So good lessons. But this wwas the last time of this class.

2004年5月21日

针对指代消解的名词短语识别

上午将昨日的方案和金山师兄一起进行了可行性分析。师兄最后认同我的方案。于是从早上开始我一直在完成我的这个程序。刚才（约莫十点左右），我的程序终于实现了昨晚定下来的三个步骤。当然其间也遇到了一些问题，这里记录一些它们的解决方案。

完成第一项任务时的问题和解决方案：

在观察北大语料时，发觉 "]"可能有两种，一种是ns,nz,nt等的标注信息，一种是全角的标点符号。这样区分好后就可以很方便的进行处理了。昨天我一直以为两种符号是一样的。

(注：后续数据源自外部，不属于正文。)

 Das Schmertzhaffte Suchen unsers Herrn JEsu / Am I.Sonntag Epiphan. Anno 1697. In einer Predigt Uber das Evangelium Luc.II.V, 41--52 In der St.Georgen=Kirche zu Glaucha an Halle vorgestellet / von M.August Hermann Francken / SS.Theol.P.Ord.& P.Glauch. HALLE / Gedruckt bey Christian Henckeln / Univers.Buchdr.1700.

今天已统计频度才发现这个特点。

完成第二个任务时，需要处理文件末尾的边界问题。这种末尾边界不能在读入文件结束时处理，需要额外的处理内存中的信息。

完成第三个任务时，也需要处理文件边界的问题，需要仔细设计程序流程，然后实现之。

此刻我的程序正在将北大57的语料中的全部针对指代消解的名词短语进行识别。很是兴奋亚。明日就可以完成我的下一阶段的名词短语特征向量的构建了。

let me begin!!

2004年5月20日

基本名词短语识别问题

根据上周实验室例会上金山师兄对最长名词短语的讲解，我大致了解到如下内容。

名词短语（Noun Phrase，NP）是指以名词或在功能上相当于名词的词为核心词的短语，其长度大于1。名词短语具有嵌套性，如“[一个于[[半个世纪]之后]重新聚集在[[“[西南联大]”旗帜]下]的奉献活动]开始了！”按照名词短语的结构进行划分，有基本名词短语、一般名词短语、最长名词短语三种类型。

基本名词短语举例如：一个于 [半个世纪 ]之后重新聚集在 “[西南联大]” 旗帜下的 [奉献活动] 开始了！

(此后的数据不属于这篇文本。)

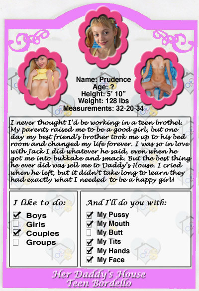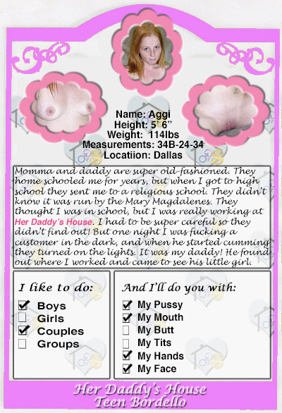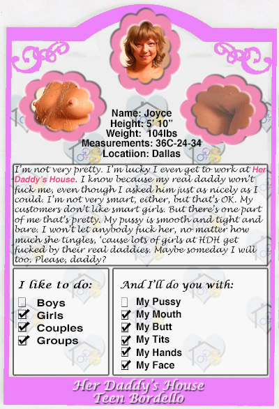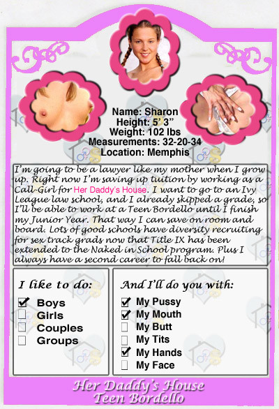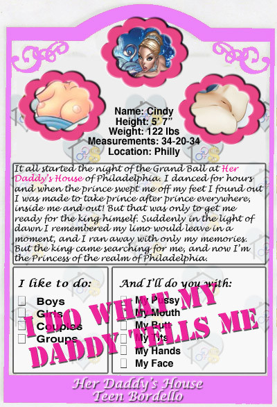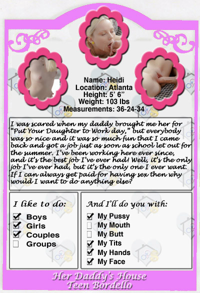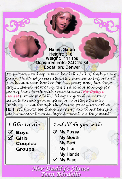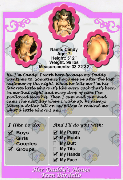 I was shocked when daddy dropped me off here. All week I was looking forward to "Take your daughter to work day." I wanted to see what my daddy did all day in his office, but mainly I was just looking for a day off from school. When we drove right up to Her Daddy's House I couldn't believe he wanted to leave me there! At first I cried and said I wouldn't get out of the car. Daddy was nice and explained to me that he and Momma thought that I would really like working in a nice fun teen bordello, especially since I'd been acting like a little whore ever since I turned 13. He said that I was old enough to start working to help take care of all my brothers and sisters, and that it would be great if mom could quit her job and stay home from now on. That didn't work, but when he told me the manager would send men out to drag me inside I gave in and went in.

一般名词短语举例如：一个于 [半个世纪之后 ]重新聚集在 “[西南联大” 旗帜下的奉献活动] 开始了！

最长名词短语举例如：[一个于半个世纪之后重新聚集在 “西南联大” 旗帜下的奉献活动] 开始了！

在这些名词短语的不同类别中，我们的指代消解需要哪一种类型呢？我感觉基本名词短语就可以了。因为就拿上面的最长名词短语的例子来说吧，如此长的一个名词短语无非是在“活动”的前面加上了许多的修饰成分。这些修饰成分的作用也就是要在读者心中留下“活动”的一些描述而已，这些描述的作用就是要强化“活动”在读者心目中的印象。这样一来，当读者在下文中读到有关“活动”的指代语时会想到“活动”的场景，而仔细说来，无非也是完成对“活动”的指代。最长名词短语比起基本名词短语多出的部分是指代消解不需要的。因而可以说，指代消解需要解决的关于名词短语的类属问题就可以直接定义在基本名词短语阶段。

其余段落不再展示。